Apakah bisa diambil kembali sama keluarga hak waris tentu bisa, tanah tersebut dapat diambil kembali karena penjualan tanah warisan tanpa persetujuan seluruh ahli waris dianggap tidak sah secara hukum. Selama harta belum dibagi secara resmi, tanah tersebut merupakan milik bersama para ahli waris.
- Solusi Perdata
- Gugatan Pembatalan Perjanjian Jual-Beli. Saudara yang lain dapat mengajukan gugatan ke pengadilan untuk membatalkan perjanjian jual-beli tanah tersebut karena tidak sah dan tidak memiliki kekuatan hukum.
- Pengembalian Hak Waris. Jika gugatan diterima, maka tanah tersebut harus dikembalikan kepada ahli waris yang sah.
- Ganti Rugi. Jika saudara yang lain telah mengalami kerugian akibat penjualan tanah tersebut, maka mereka dapat menuntut ganti rugi kepada adik bapak yang menjual tanah tersebut.
2. Dasar Hukum
- Pasal 834 KUHPerdata (KUHPer) adalah sebagai berikut: “Ahli waris berhak mengajukan gugatan untuk memperoleh warisannya terhadap semua orang yang memegang besit atas seluruh atau sebagian warisan itu dengan alas hak ataupun tanpa alas hak, demikian pula terhadap mereka yang dengan licik telah menghentikan besitnya.”
- Pasal 1365 KUHPerdata adalah sebagai berikut : “Tiap perbuatan yang melanggar hukum dan membawa kerugian kepada orang lain, mewajibkan orang yang menimbulkan kerugian itu karena kesalahannya untuk menggantikan kerugian tersebut.” Tindakan adik bapak menjual tanpa izin dapat dikategorikan sebagai Perbuatan Melawan Hukum (PMH), yang memberikan hak bagi keluarga lain untuk meminta ganti rugi atau pembatalan.

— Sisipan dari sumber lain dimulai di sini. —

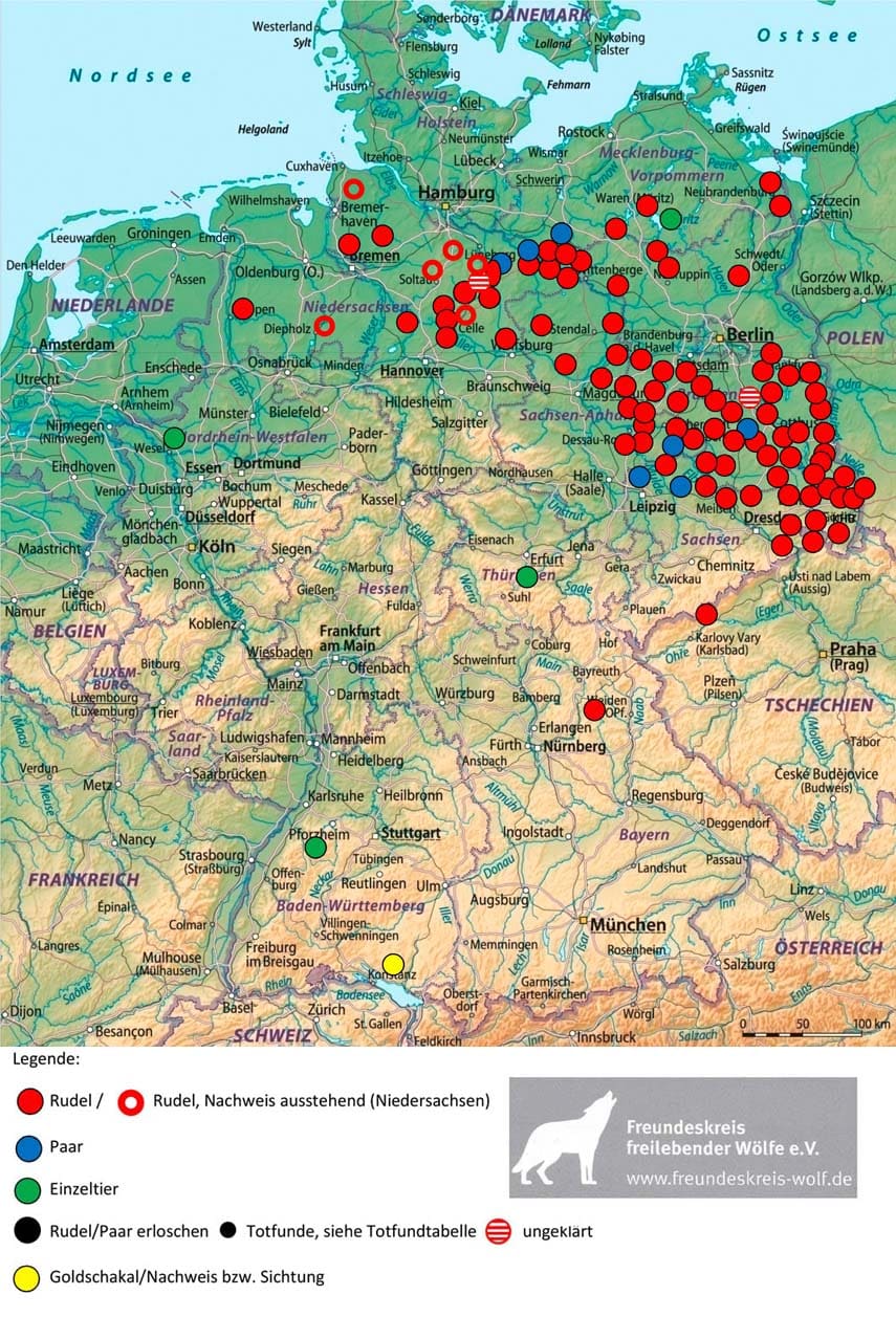 Auch in Deutschland breiten sich Wölfe seit dem Jahr 2000 wieder aus. Laut dem DBBW (Dokumentations- und Beratungsstelle des Bundes zum Thema Wolf) sind in Deutschland 73 Wolfsrudel bestätigt. Das geht aus neuen Erhebungen (Stand 11/18) der Bundesländer hervor, die durch das Bundesamt für Naturschutz (BfN) und der DBBW zusammengeführt wurden. »Das Wolfvorkommen konzentriert sich weiterhin auf das Gebiet von der sächsischen Lausitz in nordwestliche Richtung über Brandenburg, Mecklenburg-Vorpommern, Sachsen-Anhalt und Thüringen bis nach Niedersachsen. Zum ersten Mal seit der Ausrottung der Art in Deutschland vor mehr als 150 Jahren ist zudem ein Rudel in Bayern bestätigt. Die meisten Tiere leben in Brandenburg, gefolgt von Sachsen und Niedersachsen.«, so der DBBW. Wölfe stehen auch in Deutschland unter strengem Schutz.
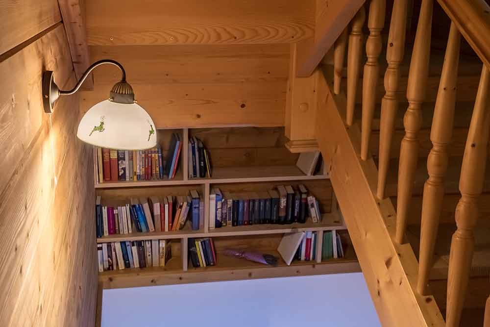 Sie können sich in einem von vier Schlafzimmern des Hauses zurückziehen. Diese sind zweimal mit einem Doppelbett und zweimal mit zwei Einzelbetten ausgestattet. Die Betten (Betten 180x200 cm, oder 90x200 cm, alle ohne Fußteil) wurden aus dem für seine wohltuende Wirkung bekannten Zirbenholz gezimmert. Für Ihr angenehmes Bettgefühl sorgen hochqualitative mittelharte Matratzen und feinste österreichische Bettwäsche. Zu einem der Schlafzimmer gehört ein Balkon mit Sitzbank, wo Sie die lang ersehnte Ein-, bzw. Zweisamkeit bei einem atemberaubenden Panoramablick finden können.
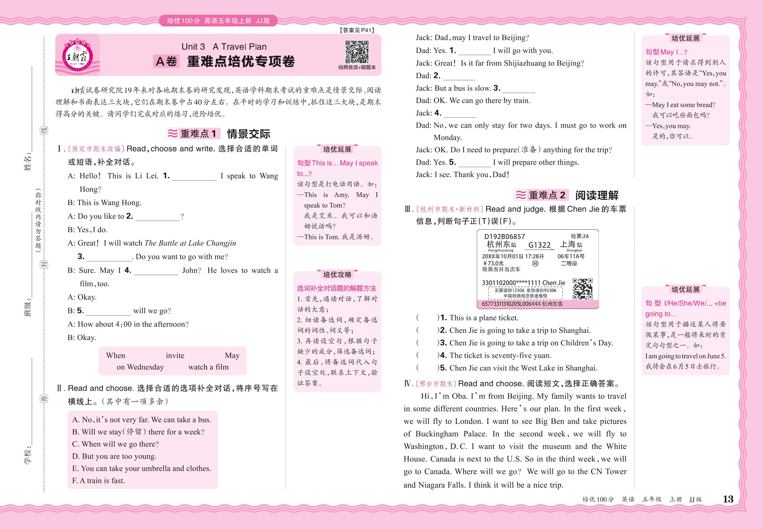 2024秋上册五年级英语冀教版 Unit 3 A卷 重难点培优专项卷
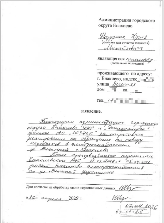 Благодарность от жителей
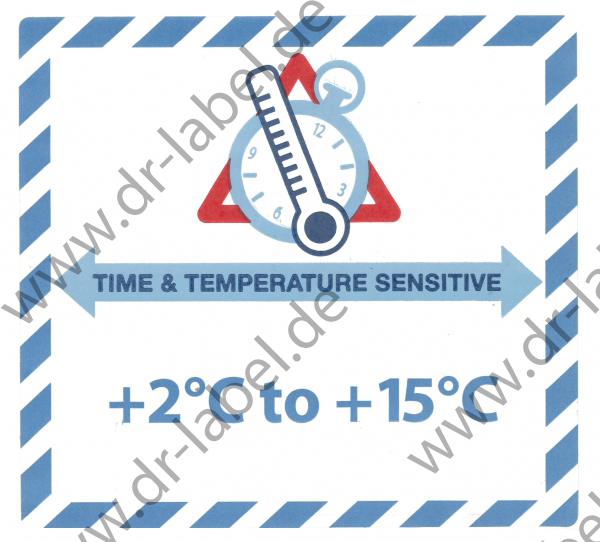 Gefahrguteteikett "TIME & TEMPERATURE SENSITIV" mit Temperatureindruck "+2°C to +15°C"
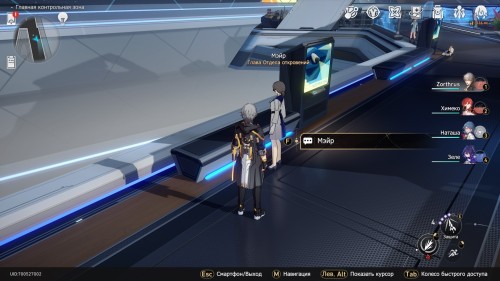 В этой же локации переместитесь к якорю «Зона наблюдения», а затем пройдите налево и отыщите девушку по имени Мэйр, которая является руководительницей нужного вам отдела. Вступите с ней в диалог и выберите вариант про записку (отмечен знаком вопроса).
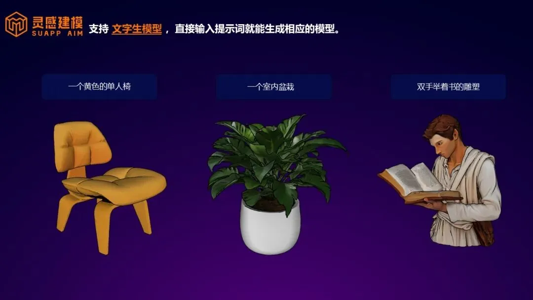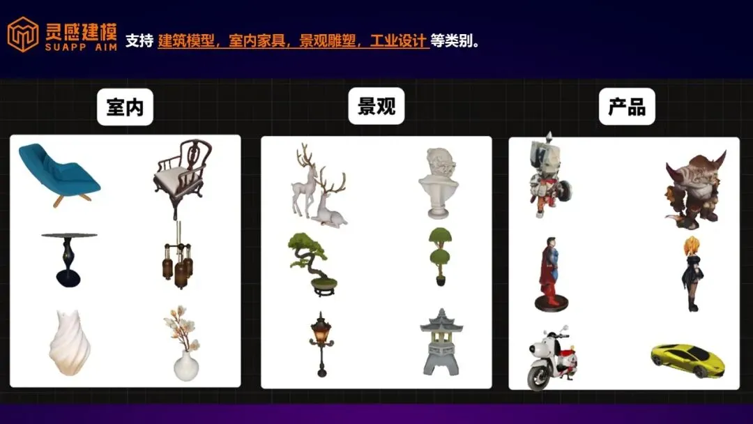 多类别模型覆盖: 支持建筑模型、室内家具、景观雕塑、工业设计等类别,尤其擅长异形模型生成,提升复杂设计效率;
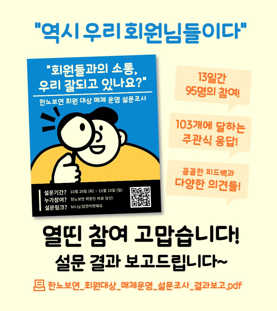 [매체팀] 연구소 매체 운영 회원 설문조사 결과 활동소식 🙌 지난 10월 29일부터 11월 10일까지 연구소 매체모색팀에서 진행한 ‘한노보연 회원대상 매체운영 설문조사 결과’를 공유합니다. 무려 95명이나 되는 회원이 함께해주셨고, 103개에 달하는 연구소 매체 운영에 대한 많은 의견을 주셨습니다. 함께해주신 회원분들께 감사 인사 드립니다. 🙏 ✍️ 연구소 매체 운영 회원 설문조사 결과는 아래 링크로 들어가면 확인할 수 있습니다. https://url.kr/s1nlaw ♥192024년 12월 16일2025년 02월 26일활동소식매체운영메체운영연구소매체팀연구소채널텔레그램한노보연

- Pasal 1471 KUHPerdata adalah sebagai berikut : “ Jual beli atas barang orang lain adalah batal dan dapat memberikan dasar kepada pembeli untuk menuntut penggantian biaya, kerugian dan bunga, jika ia tidak mengetahui bahwa barang itu kepunyaan orang lain.” Jadi jual beli barang orang lain (harta waris) adalah batal.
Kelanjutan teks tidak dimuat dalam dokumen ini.